* Supplied information *
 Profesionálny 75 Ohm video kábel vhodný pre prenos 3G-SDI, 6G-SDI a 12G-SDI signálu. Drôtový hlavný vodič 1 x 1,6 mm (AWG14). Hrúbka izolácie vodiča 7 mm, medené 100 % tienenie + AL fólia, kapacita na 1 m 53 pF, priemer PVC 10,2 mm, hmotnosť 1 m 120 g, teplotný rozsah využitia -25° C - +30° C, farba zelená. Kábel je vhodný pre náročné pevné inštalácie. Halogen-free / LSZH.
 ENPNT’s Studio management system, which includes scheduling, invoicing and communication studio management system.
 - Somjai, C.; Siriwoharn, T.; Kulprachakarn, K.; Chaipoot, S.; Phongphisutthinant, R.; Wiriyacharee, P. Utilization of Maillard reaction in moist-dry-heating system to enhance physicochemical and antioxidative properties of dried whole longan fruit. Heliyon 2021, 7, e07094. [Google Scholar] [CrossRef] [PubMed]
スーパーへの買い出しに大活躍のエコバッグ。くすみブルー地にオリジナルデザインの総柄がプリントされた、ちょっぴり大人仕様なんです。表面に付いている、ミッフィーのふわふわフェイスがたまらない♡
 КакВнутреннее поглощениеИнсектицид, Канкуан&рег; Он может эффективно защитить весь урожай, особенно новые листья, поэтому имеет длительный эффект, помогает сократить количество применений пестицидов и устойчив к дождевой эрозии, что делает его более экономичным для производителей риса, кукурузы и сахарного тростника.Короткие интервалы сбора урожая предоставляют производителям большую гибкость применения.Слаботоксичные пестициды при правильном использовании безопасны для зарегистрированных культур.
* * *
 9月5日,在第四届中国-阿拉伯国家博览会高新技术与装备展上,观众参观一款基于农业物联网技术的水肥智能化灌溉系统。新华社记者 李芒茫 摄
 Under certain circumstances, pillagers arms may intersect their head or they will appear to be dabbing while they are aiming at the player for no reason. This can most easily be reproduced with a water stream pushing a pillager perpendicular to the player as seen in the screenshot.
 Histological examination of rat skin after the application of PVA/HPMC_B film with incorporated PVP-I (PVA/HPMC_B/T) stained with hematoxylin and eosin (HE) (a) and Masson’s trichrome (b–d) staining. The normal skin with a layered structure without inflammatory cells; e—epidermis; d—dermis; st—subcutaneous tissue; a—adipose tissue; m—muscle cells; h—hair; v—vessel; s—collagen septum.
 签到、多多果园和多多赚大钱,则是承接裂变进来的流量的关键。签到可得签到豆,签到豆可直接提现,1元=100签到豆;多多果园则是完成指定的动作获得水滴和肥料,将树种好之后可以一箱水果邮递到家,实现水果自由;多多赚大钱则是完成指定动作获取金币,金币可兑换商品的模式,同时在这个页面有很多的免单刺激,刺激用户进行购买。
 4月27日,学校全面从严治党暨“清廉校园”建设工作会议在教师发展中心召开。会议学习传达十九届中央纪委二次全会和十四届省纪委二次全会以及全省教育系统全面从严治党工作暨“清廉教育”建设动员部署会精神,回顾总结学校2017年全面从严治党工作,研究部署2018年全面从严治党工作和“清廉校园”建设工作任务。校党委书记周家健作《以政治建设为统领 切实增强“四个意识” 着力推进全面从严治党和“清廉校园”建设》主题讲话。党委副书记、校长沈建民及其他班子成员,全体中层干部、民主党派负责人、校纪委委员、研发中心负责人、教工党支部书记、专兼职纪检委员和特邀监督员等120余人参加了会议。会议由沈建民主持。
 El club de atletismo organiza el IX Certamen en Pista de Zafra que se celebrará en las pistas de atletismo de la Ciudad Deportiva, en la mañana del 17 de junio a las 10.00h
...
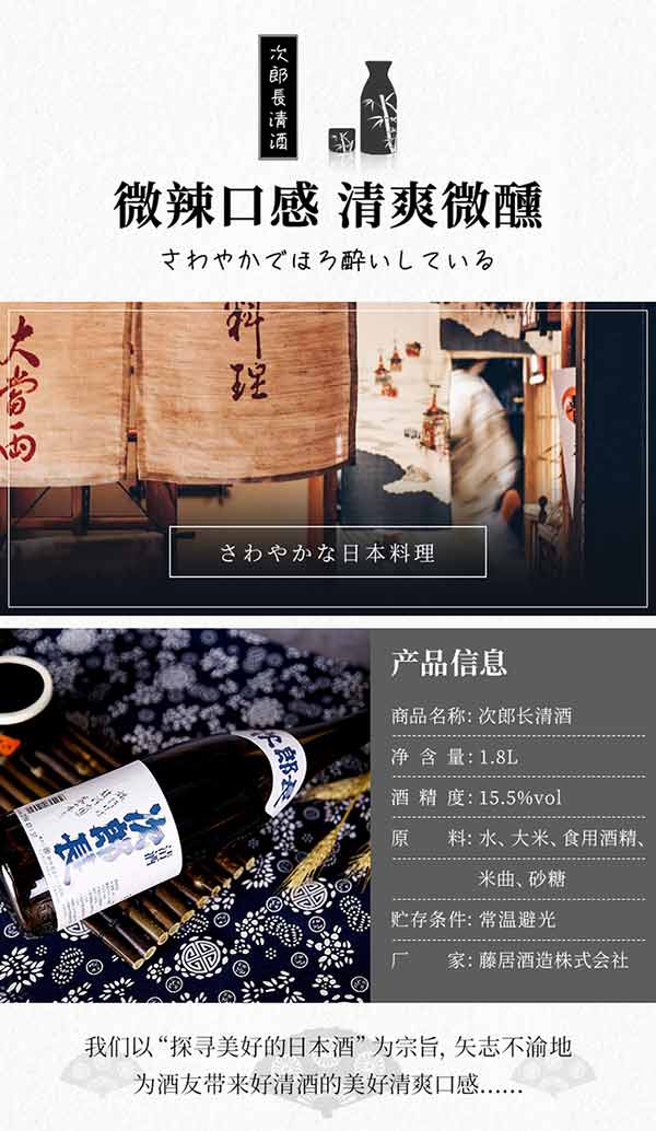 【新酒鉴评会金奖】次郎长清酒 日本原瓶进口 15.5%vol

* Assigned task *
Among the lines above, repeat exactly those from the line with "ENPNT’s Studio management" to the line with "КакВнутреннее поглощениеИнсектицид, Канкуан&рег;", counting both ends.

* Response area *
 ENPNT’s Studio management system, which includes scheduling, invoicing and communication studio management system.
 - Somjai, C.; Siriwoharn, T.; Kulprachakarn, K.; Chaipoot, S.; Phongphisutthinant, R.; Wiriyacharee, P. Utilization of Maillard reaction in moist-dry-heating system to enhance physicochemical and antioxidative properties of dried whole longan fruit. Heliyon 2021, 7, e07094. [Google Scholar] [CrossRef] [PubMed]
スーパーへの買い出しに大活躍のエコバッグ。くすみブルー地にオリジナルデザインの総柄がプリントされた、ちょっぴり大人仕様なんです。表面に付いている、ミッフィーのふわふわフェイスがたまらない♡
 КакВнутреннее поглощениеИнсектицид, Канкуан&рег; Он может эффективно защитить весь урожай, особенно новые листья, поэтому имеет длительный эффект, помогает сократить количество применений пестицидов и устойчив к дождевой эрозии, что делает его более экономичным для производителей риса, кукурузы и сахарного тростника.Короткие интервалы сбора урожая предоставляют производителям большую гибкость применения.Слаботоксичные пестициды при правильном использовании безопасны для зарегистрированных культур.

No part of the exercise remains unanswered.